▸ **WHAT THIS TASK INVOLVES**
After finding the line with "以前の記述にもあるように、玉", restate it and each remaining line of the material word for word, omitting every picture.

★ ★ ★ ★ ★ ★ ★

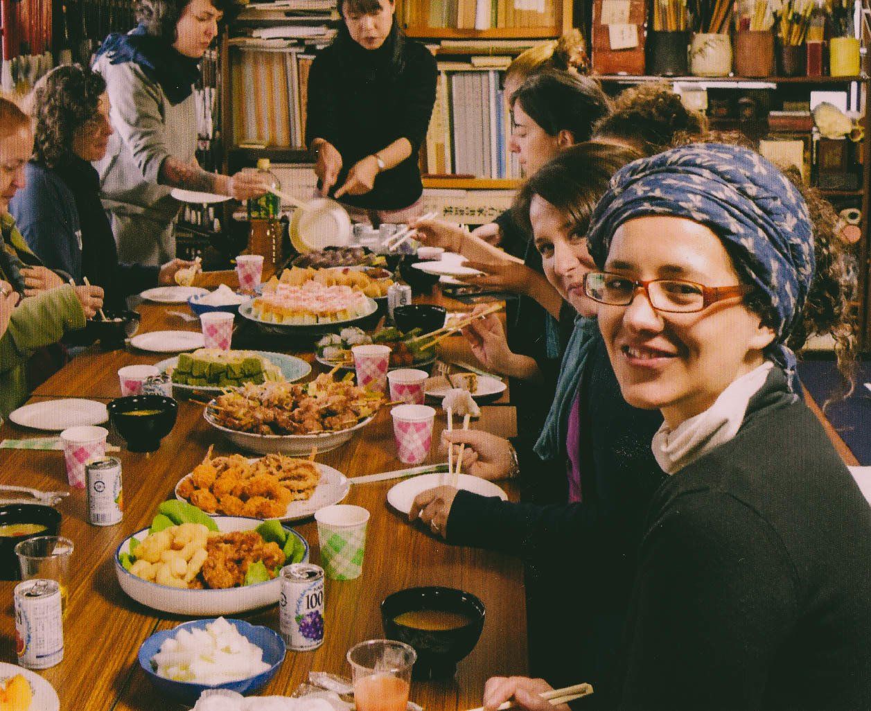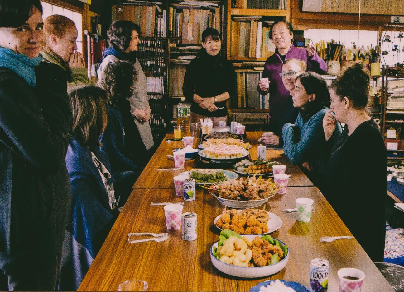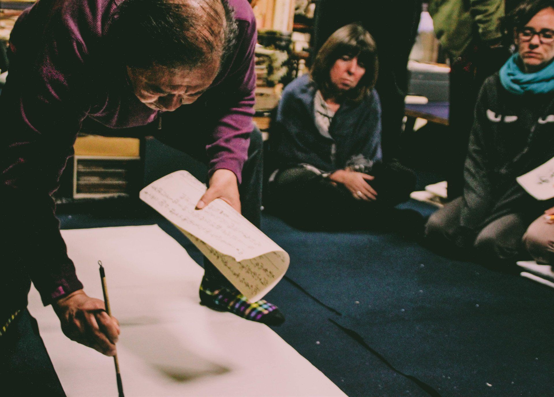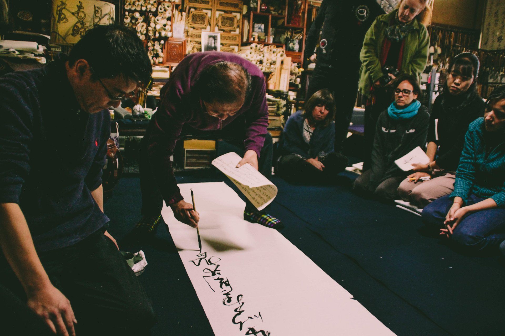 The best was yet to come. Nakamura-san was busy preparing some long, large papers on the carpeted floor, while Akiko was translating what the master was telling us. He insisted that we not forget that his main occupation was not teaching, but being a calligrapher, and so he wanted to honor us with a live demonstration of a transcription of an ancient Chinese poem calligraphed by him, something that brought more than one tear of emotion. I must say that it was such a crucial moment for me, that just seeing him and feeling his breathing to the sound of his expressive brushstrokes, made me truly understand why I wanted to dedicate myself body and soul to the practice, and that it had to be with him. For this moment alone I will be eternally grateful.
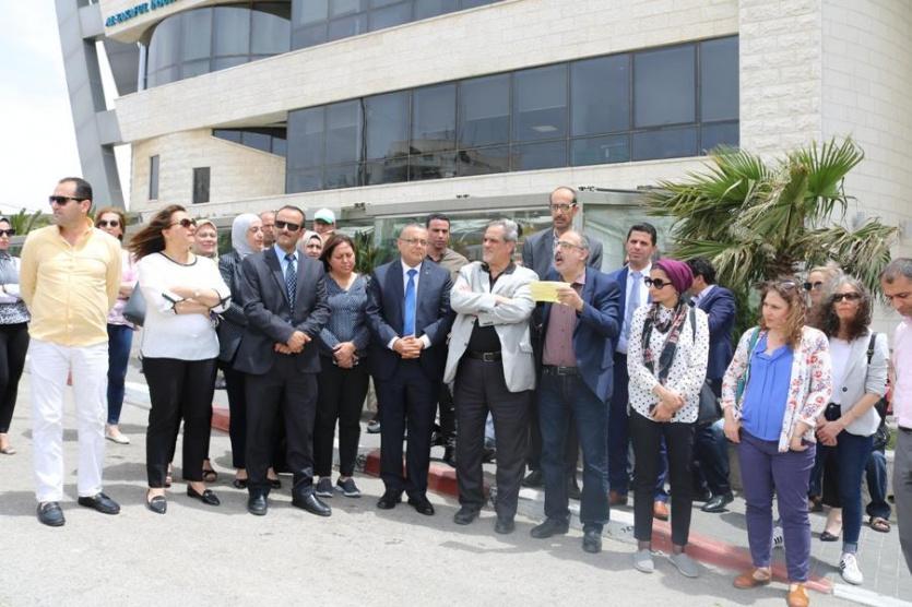 نظمت وزارتا الثقافة والإعلام، اليوم الاثنين، وقفة أمام مقر الأمم المتحدة في رام الله، تنديداً بالعدوان الإسرائيلي على أبناء شعبنا في قطاع غزة، وجريمة هدم مركز عبد الله الحوراني للدراسات والأبحاث.
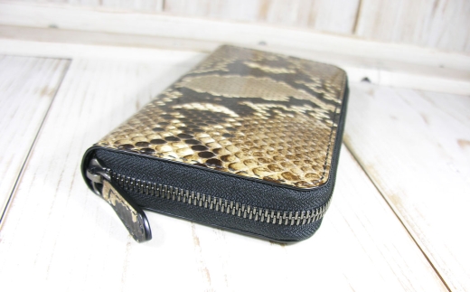 ダイヤモンドパイソン ファスナー長財布 / 財布 パイソンレザー ラウンドファスナー長財布 レザーウォレット 本革財布 メンズ財布 レディース財布 エキゾチックレザー カード12枚収納 YKKエクセラ ファスナー財布 ハンドメイド財布 経年変化 レザー小物 ギフト 革財布 職人手作り 千葉県 No.400
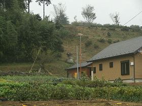 以前の記述にもあるように、玉里東小学校の東800mほどの所で、県道194号線沿いにあったらしい。城址の北側には神社の祭られている妙見山古墳がある。藪になっていて分かりにくいが、比高7mほどあり、平地の中では目立つ高さである。これを目標にするのがいいかもしれない。城址一帯は集落になっているが、集落を囲むように東西には水田地帯が広がっている。レンコン畑になっている部分も多く、そうしてみると、集落のある地帯は周囲よりもわずかに微高地となっているように見える。
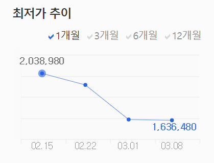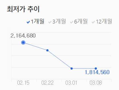 두 카드 다 화끈하게 가격을 내린 것을 확인할 수 있었다. 그렇다면 두 카드 간의 가격 차이는 어떨까? 3월 8일 기준으로 178,080원이다. 그래픽카드 가격이 워낙 비쌌기에 차이가 크지 않게 보일 수도 있는데, 대략 17만 원 대 후반이라면 무시할 수 있는 금액은 아니다.

★ ★ ★ ★ ★ ★ ★

▸ **TASK RESPONSE**
 以前の記述にもあるように、玉里東小学校の東800mほどの所で、県道194号線沿いにあったらしい。城址の北側には神社の祭られている妙見山古墳がある。藪になっていて分かりにくいが、比高7mほどあり、平地の中では目立つ高さである。これを目標にするのがいいかもしれない。城址一帯は集落になっているが、集落を囲むように東西には水田地帯が広がっている。レンコン畑になっている部分も多く、そうしてみると、集落のある地帯は周囲よりもわずかに微高地となっているように見える。
 두 카드 다 화끈하게 가격을 내린 것을 확인할 수 있었다. 그렇다면 두 카드 간의 가격 차이는 어떨까? 3월 8일 기준으로 178,080원이다. 그래픽카드 가격이 워낙 비쌌기에 차이가 크지 않게 보일 수도 있는데, 대략 17만 원 대 후반이라면 무시할 수 있는 금액은 아니다.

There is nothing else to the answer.